Somerset West – The Skollie

Skollie – a young tearaway hooligan
Snik-snik – haltingly through tears
Imperial coinage – a shilling (twelve pence) converted to ten cents and a sixpence was five cents when decimal coinage was introduced.
Tuppence – two pennies (colloquial)

This is actually NOT a Somerset West story because it took place in Observatory, Cape Town. We were, however living in Somerset West when it happened (I think we were and if not we had already bought the plot and started spending weekends there so maybe it counts?) I am sure people who know the area will relate.

My stepfather, Cyril, worked for Prices Candles in Observatory. Sometimes in school holidays, he would take me to work with him. I would get filthy playing and walking around in the candle factory and climbing all over the high, dirty stacks of bagged paraffin wax. I used to enjoy those days – something different for an eight or nine-year-old. I learned how candles were made.

We usually took sandwiches to the factory and from time to time there would be food prepared in the offices where there was a relatively small staff working.

On the odd day we would get in the car and go to a café in Salt River to have tea and sandwiches or a light meal.

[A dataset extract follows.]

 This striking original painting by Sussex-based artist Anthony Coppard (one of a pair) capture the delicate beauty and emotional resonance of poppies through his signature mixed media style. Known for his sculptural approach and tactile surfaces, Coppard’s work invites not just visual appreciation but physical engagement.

One day Cyril was busy at work and it was late morning so he asked me if I would like to go for a walk and buy us a packet of sandwiches.

I was a bit bored with the factory and was happy to do something different. The streets were quite safe during the day so off I went with three shillings in my pocket. Two and sixpence was for the sandwiches and I was to have a soft drink out of the sixpence (and probably have tuppence change). I would wait while the sandwiches were freshly prepared.

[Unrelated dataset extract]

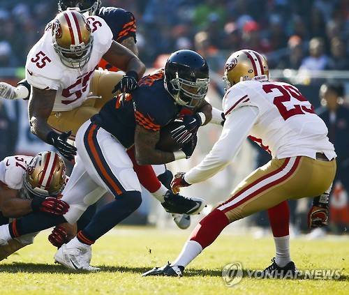 epa05057388 Chicago Bears running back Matt Forte (C) runs for a seven yard gain between San Francisco 49ers strong safety Jaquiski Tartt (R) and San Francisco 49ers outside linebacker Ahmad Brooks (L) in the first half of the NFL American football game between the San Francisco 49ers and the Chicago Bears at Soldier Field in Chicago, Illinois, USA, 06 December 2015. EPA/TANNEN MAURY

They made three generous sandwiches for me, two rounds of egg and one of polony. They cut them diagonally and wrapped them in greaseproof paper. The sandwiches were then placed in a large brown paper bag for me to carry them back to the factory. The distance I had to walk was probably a mile – say one and a half kilometres?

Like all children – and many others I imagine – I loved looking in all the shop windows. There were many different shops in the area from bicycles to hardware, jewellers, small grocers, pawnshops and many others. I dawdled along looking at this and that until I got close to the factory when I turned off the main road.

There were a couple of quiet side streets with houses and small yards with non-retail type businesses in them. Car and bicycle repairs, small scrap dealers that kind of thing. It was very quiet in these streets as I got closer to the factory and I was probably not even a block from my destination when it happened.

I stopped to look at something that had caught my attention, holding the bag of sandwiches in one hand. As I stood there a young coloured man, probably a teenager, came loping up the street towards me. I was only absent-mindedly aware of him.

As he got close to me, he seemed to put on a spurt, dodged half a step towards me and snatched my precious bag of sandwiches! Stunned I turned and shouted “Hey!” I think he glanced over his shoulder and laughed, he may have shouted something rude, I don’t know. He turned the corner and was gone.

Getting over my initial surprise, I felt hurt and angry but mostly just shocked, I suppose. “How could someone do that?” my innocent mind seemed to ask rhetorically.

Flowing directly from that thought was my apprehension over how Cyril was going to react! Knowing how unpredictable he could be, and already in tears, I walked (maybe I ran?) the remaining distance to the factory.

Cyril surprised me. He crouched down and put his arm around me, and told me to tell him what had happened. Snik-snik, I told him about the skollie, and the stolen bag of sandwiches.

He told me not to worry, wash my face and hands, and we would go and get another bag of sandwiches.

We drove out of the factory gate and he said we would drive around a bit and see if we could see the skollie. I don’t think we saw him at all – or if we did he quickly vanished down some alleyway.

After getting the sandwiches, we went back to the factory and at last had our tea and sandwiches.

Writing about that now, I remember that factory rather clearly. The streets in the area were clean with very little litter. One drove in the gate by the offices and the yard was spotless.

Inside the factory though, things were dirty because of the type of work and the railway line that ran past the back (the factory had its own siding too). Steam trains were still common with the attendant dust that they produced.

We moved to Rhodesia in mid-1958 when Prices transferred Cyril to manage the Gwelo factory. For reasons that I will talk of elsewhere he soon left the company.

Then, sadly, in 1960, we heard from my aunt that the Prices Candles factory in Observatory, Cape Town had burned down in a spectacular fire. Considering the raw materials that would have been in stock, it must have been quite a blaze.